Member Review Holding the Line on the River of Death: Union Mounted Forces at Chickamauga by Eric J. Wittenberg

Conclusion:

I thoroughly enjoyed this book. While I had done research on Minty, I still learned more about this fascinating character from Wittenberg. I also got a thorough lesson about the effective use of mounted troops against much large combined arms forces.

The book is well-written and quite lively. Those with a deeper interest in the subject should definitely consult the copious footnotes which, as I have already pointed out, are more than just bibliographic. The volume also contains photographs, illustrations, maps, and charts to help the reader understand and visualize the people and events discussed.

I recommend the book to anyone interested in cavalry, the Chickamauga Campaign, the War in the West, and immigrant involvement in the Civil War. I also recommend it to anyone who just wants a good read.
 
You need to bring some when you do you talk at the Ann Arbor Round Table, I expect some members will want one. I drive to Jackson Michigan often and was wondering in Minty's house still stood. I will have to look into that.
Is that talk scheduled?
 
Conclusion:

I thoroughly enjoyed this book. While I had done research on Minty, I still learned more about this fascinating character from Wittenberg. I also got a thorough lesson about the effective use of mounted troops against much large combined arms forces.

The book is well-written and quite lively. Those with a deeper interest in the subject should definitely consult the copious footnotes which, as I have already pointed out, are more than just bibliographic. The volume also contains photographs, illustrations, maps, and charts to help the reader understand and visualize the people and events discussed.

I recommend the book to anyone interested in cavalry, the Chickamauga Campaign, the War in the West, and immigrant involvement in the Civil War. I also recommend it to anyone who just wants a good read.

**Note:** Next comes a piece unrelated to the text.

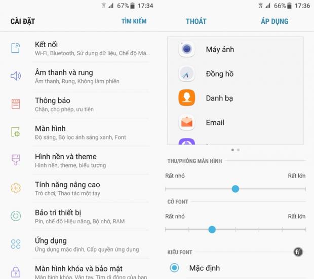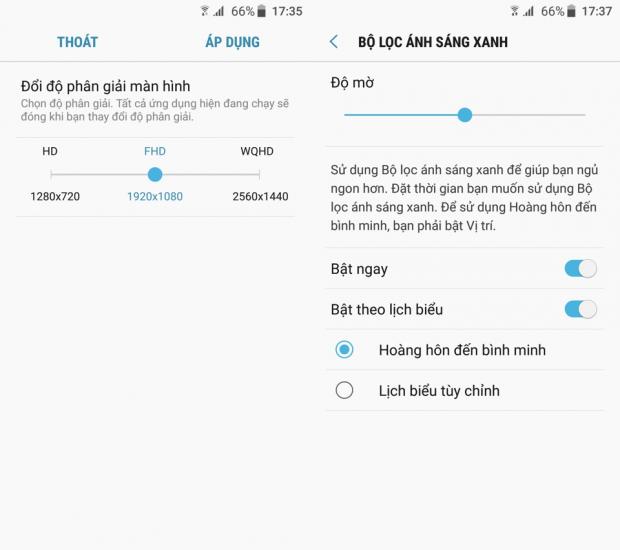 Mình đặc biệt thích sự thay đổi trong giao diện mới của phần cài đặt. Icon được thiết kế trẻ trung, sinh động và nhiều màu sắc hơn, khoảng cách giữa các mục được phân chia hợp lý hơn, giúp người dùng không cảm thấy quá bối rối khi tìm kiếm cài đặt. Đặc biệt hơn, giờ đây bạn còn có thể tuỳ chỉnh độ phân giải màn hình, tuỳ chỉnh độ phân giải hiển thị cũng như Samsung đã tích hợp thêm bộ lọc ánh sáng xanh giúp người dùng đỡ mỏi mắt hơn khi sử dụng về đêm.

Pat, thank you very much for the kind words--they are greatly appreciated. And I am very pleased that you found merit in the book and that you enjoyed it.
 
I had a couple of questions for @Eric Wittenberg. Here is the first:

Minty is referred to early in the book as a "soldier of fortune." I did not see that as an appropriate description. What did you mean by it?
 
Here is the review of the book at Civil War Books and Authors:

https://cwba.blogspot.com/2019/01/review-holding-line-on-river-of-death.html

From the review:

Now having authored Gettysburg* and Chickamauga companion studies, Wittenberg has firmly documented his earnest belief that the mounted operations that opened both battles represent two of the war's finest examples of a cavalry versus infantry delaying action. As the more eastern theater focused Wittenberg admits, one might even regard Minty and Wilder's feats of arms on September 18 as more impressive than Buford's far better known and much more widely celebrated July 1 cavalry fight...A product of sound research and finely-tuned reasoning and analysis, Holding the Line on the River of Death is a superbly constructed Civil War cavalry study that is richly deserving of top-shelf placement within the modern literature's rapidly expanding Chickamauga Campaign library.